## [Exercise]
The whole listing needs to be written out exactly, except for any images.

[[ Study material, beginning ]]

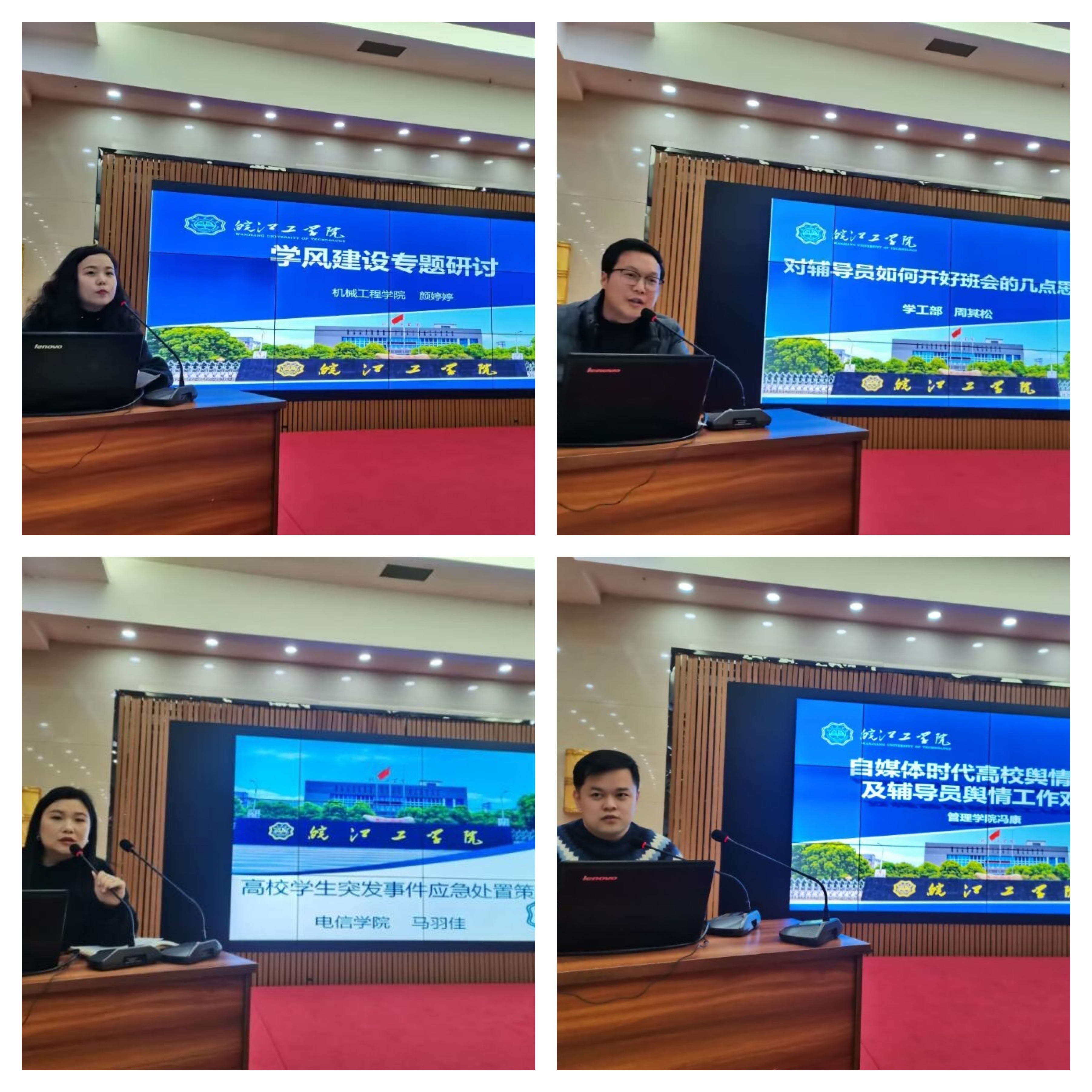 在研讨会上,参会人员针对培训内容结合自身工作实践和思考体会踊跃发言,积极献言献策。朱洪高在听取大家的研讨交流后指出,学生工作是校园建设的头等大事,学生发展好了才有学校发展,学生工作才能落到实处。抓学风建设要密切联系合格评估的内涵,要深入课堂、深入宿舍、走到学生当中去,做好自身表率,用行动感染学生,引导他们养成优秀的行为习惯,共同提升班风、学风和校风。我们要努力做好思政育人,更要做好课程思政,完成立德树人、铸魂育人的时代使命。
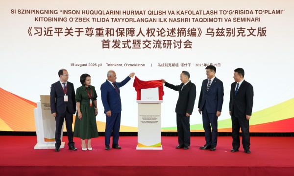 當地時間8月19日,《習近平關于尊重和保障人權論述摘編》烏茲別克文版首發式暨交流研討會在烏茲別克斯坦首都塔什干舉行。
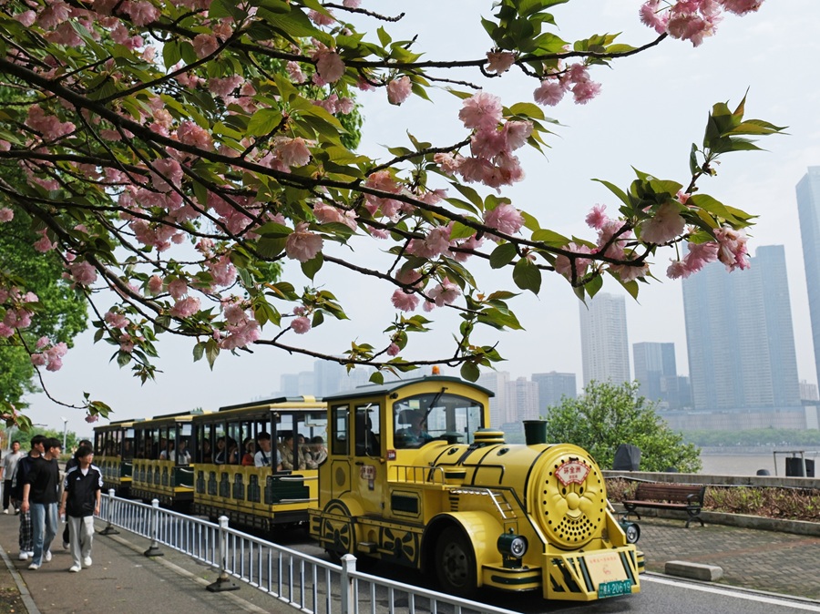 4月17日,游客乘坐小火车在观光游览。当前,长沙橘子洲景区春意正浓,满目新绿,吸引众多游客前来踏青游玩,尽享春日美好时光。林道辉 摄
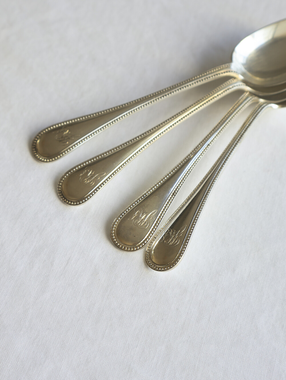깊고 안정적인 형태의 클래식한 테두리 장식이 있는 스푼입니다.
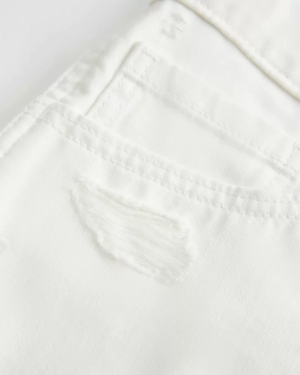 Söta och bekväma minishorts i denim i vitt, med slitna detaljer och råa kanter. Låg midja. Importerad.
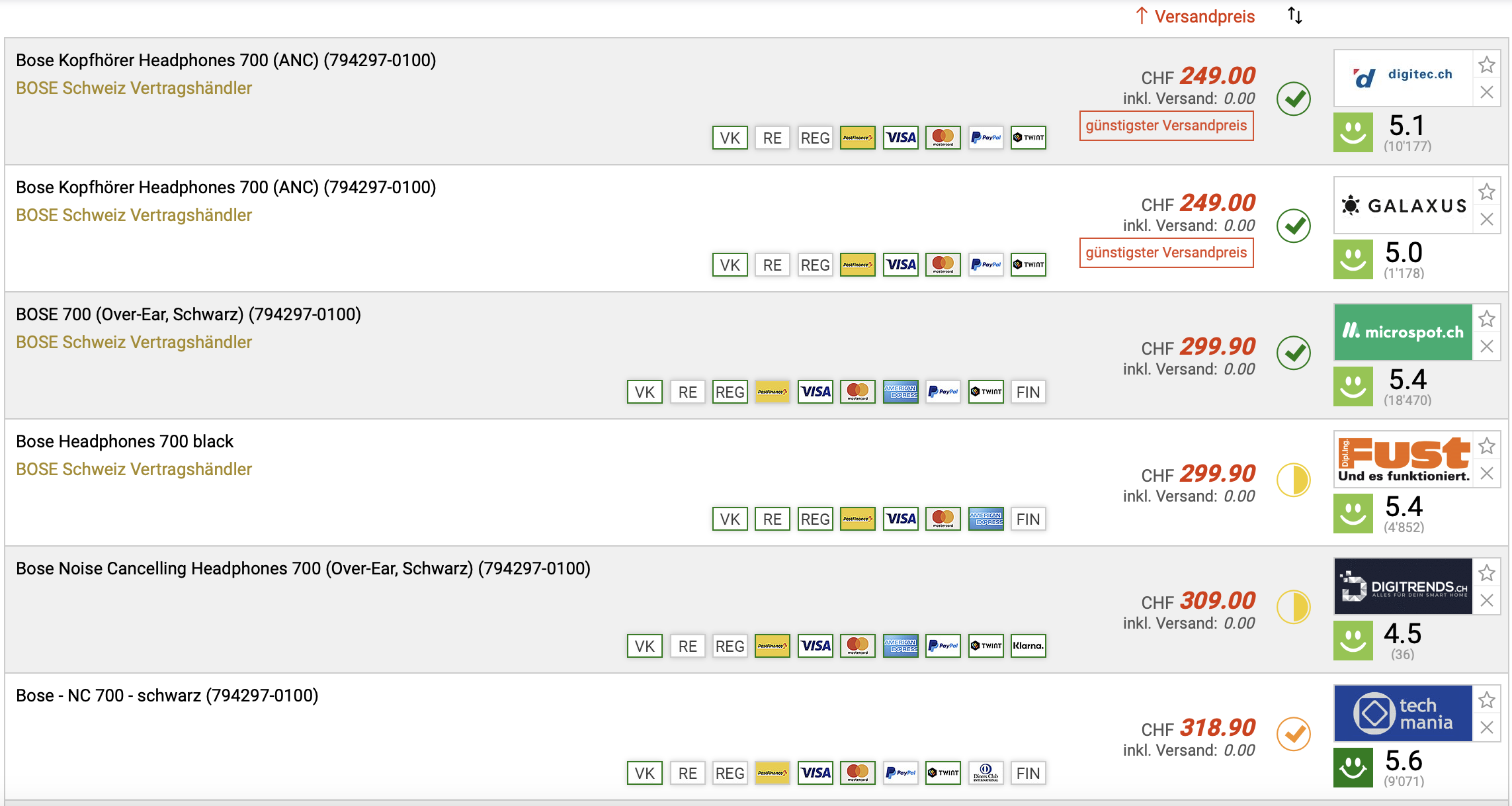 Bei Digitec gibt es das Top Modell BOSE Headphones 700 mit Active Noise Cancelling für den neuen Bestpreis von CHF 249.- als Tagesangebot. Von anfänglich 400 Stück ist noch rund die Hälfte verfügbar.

[[ Study material, end ]]

## [Exercise response]
 在研讨会上,参会人员针对培训内容结合自身工作实践和思考体会踊跃发言,积极献言献策。朱洪高在听取大家的研讨交流后指出,学生工作是校园建设的头等大事,学生发展好了才有学校发展,学生工作才能落到实处。抓学风建设要密切联系合格评估的内涵,要深入课堂、深入宿舍、走到学生当中去,做好自身表率,用行动感染学生,引导他们养成优秀的行为习惯,共同提升班风、学风和校风。我们要努力做好思政育人,更要做好课程思政,完成立德树人、铸魂育人的时代使命。
 當地時間8月19日,《習近平關于尊重和保障人權論述摘編》烏茲別克文版首發式暨交流研討會在烏茲別克斯坦首都塔什干舉行。
 4月17日,游客乘坐小火车在观光游览。当前,长沙橘子洲景区春意正浓,满目新绿,吸引众多游客前来踏青游玩,尽享春日美好时光。林道辉 摄
깊고 안정적인 형태의 클래식한 테두리 장식이 있는 스푼입니다.
 Söta och bekväma minishorts i denim i vitt, med slitna detaljer och råa kanter. Låg midja. Importerad.
 Bei Digitec gibt es das Top Modell BOSE Headphones 700 mit Active Noise Cancelling für den neuen Bestpreis von CHF 249.- als Tagesangebot. Von anfänglich 400 Stück ist noch rund die Hälfte verfügbar.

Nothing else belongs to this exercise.